Variable Selection in Maximum Mean Discrepancy for Interpretable Distribution Comparison
This work addresses the need for a general framework for interpretable variable selection in distribution comparison, which is incremental as it builds on existing kernel methods but introduces new theoretical and practical contributions.
The paper tackles the problem of identifying which variables cause differences between two datasets, introducing a mathematical definition for the discriminating set and proposing two sparse methods that optimize kernel test power with data-driven regularization, showing improved performance in synthetic experiments and applications to water-pipe and traffic networks.

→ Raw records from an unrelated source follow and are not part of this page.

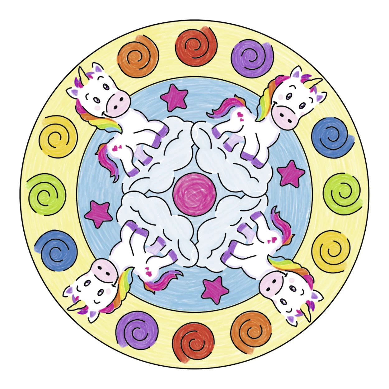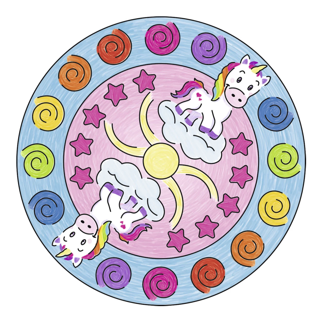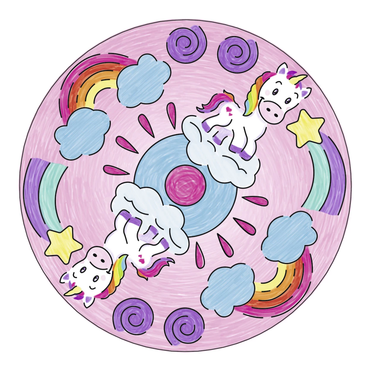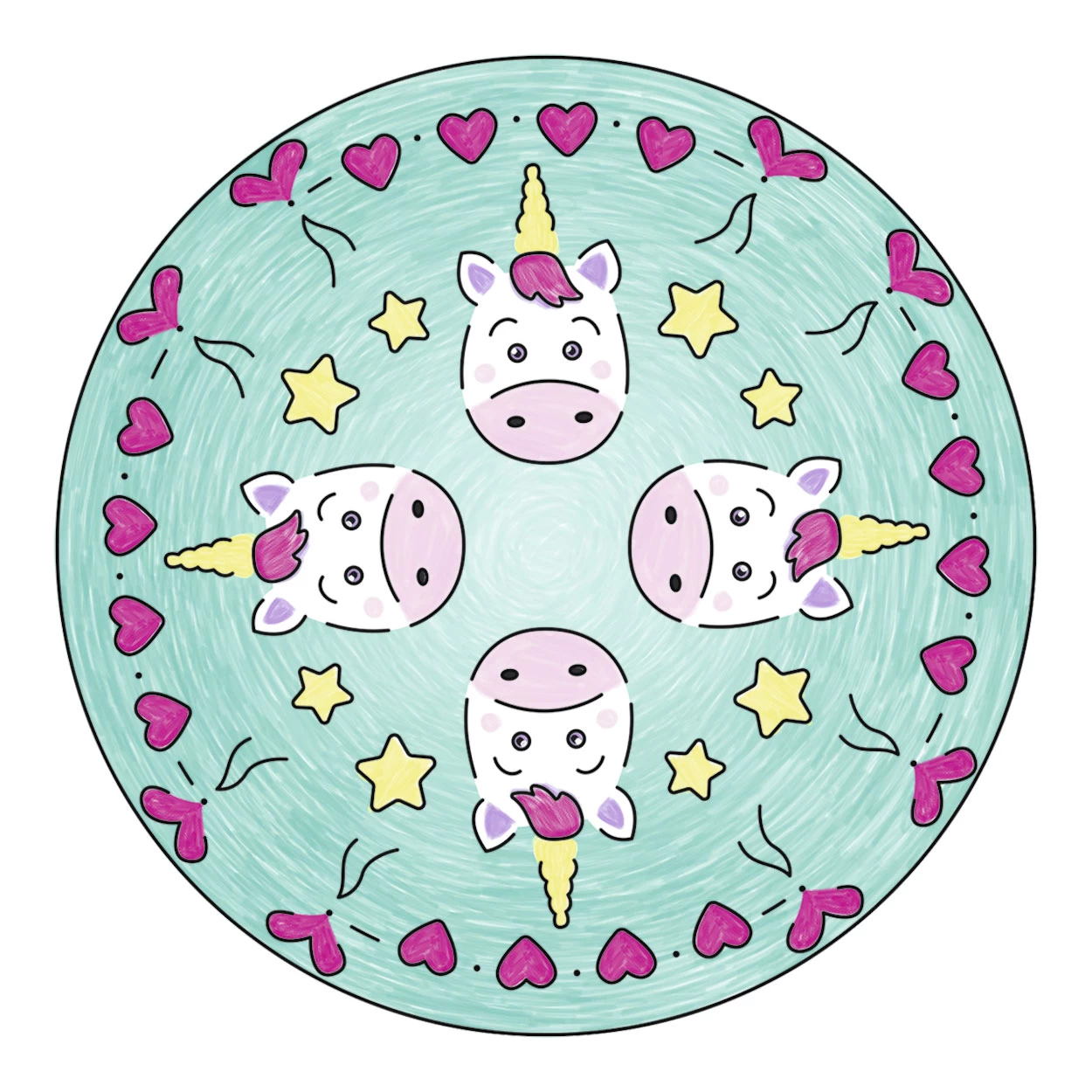 Der Ravensburger Mandala Designer für unterwegs! Mit dem Mandala-Designer Einhorn im Mini-Format gestalten Sie unterwegs die schönsten Mini-Mandalas. Einfach das Papier einlegen und die Schablone von Pfeil zu Pfeil drehen. Zum Schluss malen Sie Ihr Mandala schön aus und fertig ist Ihr selbstgestaltetes Mandala! Das Set enthält 1 Rahmen, Mandala-Vorlage, 10 Blatt Papier, 1 Filzstift, 3 Buntstifte und die Anleitung.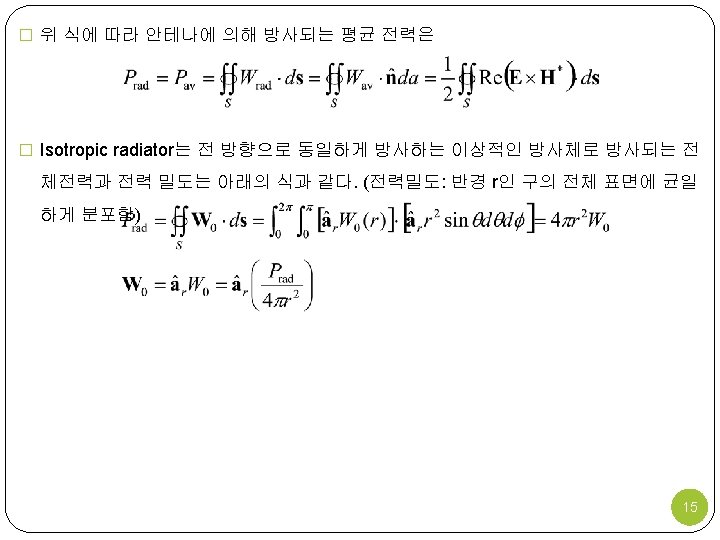 � 전체 전력은 radiation intensity를 전체 입체각 4π에 걸쳐 적분하여 구할 수 있다. � Isotropic source U에 대한 radiation intensity는 radiation power density와 마찬가지로 θ, Φ에 대해 무관하다. � Isotropic source에 대한 radiation intensity는 17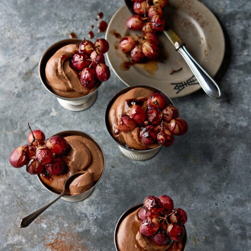 naar receptOp drie: chocolademousse met gekaramelliseerde balsamico-druiven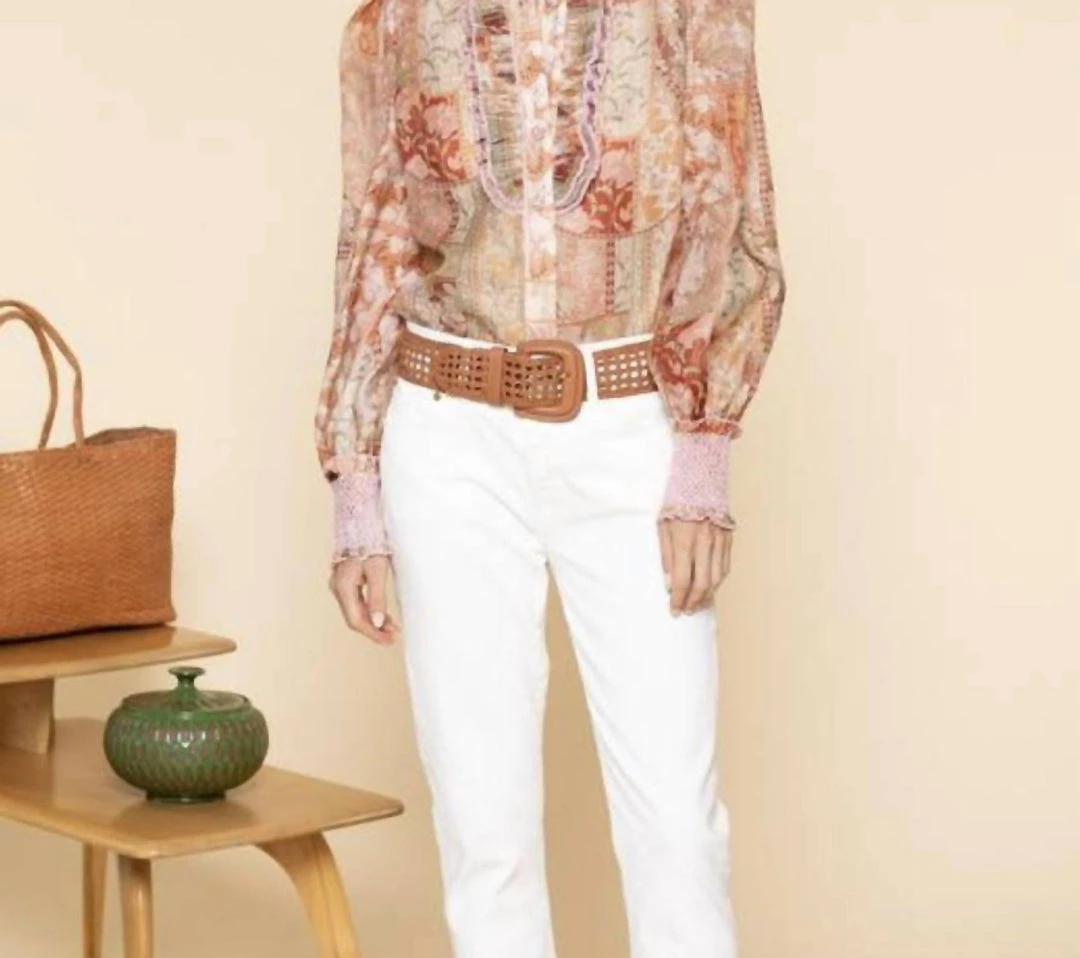 The Kaleidoscope Tuxedo Blouse in Red Swirl Floral from Zimmermann Fall 2022 Collection, Stargazer. A silk linen organza blouse featuring a smocked cuff, gathered ruffles and snap buttons down the centre front. Dry Clean Only. Sized 0,1,2,3,4

We study two-sample variable selection: identifying variables that discriminate between the distributions of two sets of data vectors. Such variables help scientists understand the mechanisms behind dataset discrepancies. Although domain-specific methods exist (e.g., in medical imaging, genetics, and computational social science), a general framework remains underdeveloped. We make two separate contributions. (i) We introduce a mathematical notion of the discriminating set of variables: the largest subset containing no variables whose marginals are identical across the two distributions and independent of the remaining variables. We prove this set is uniquely defined and establish further properties, making it a suitable ground truth for theory and evaluation. (ii) We propose two methods for two-sample variable selection that assign weights to variables and optimise them to maximise the power of a kernel two-sample test while enforcing sparsity to downweight redundant variables. To select the regularisation parameter - unknown in practice, as it controls the number of selected variables - we develop two data-driven procedures to balance recall and precision. Synthetic experiments show improved performance over baselines, and we illustrate the approach on two applications using datasets from water-pipe and traffic networks.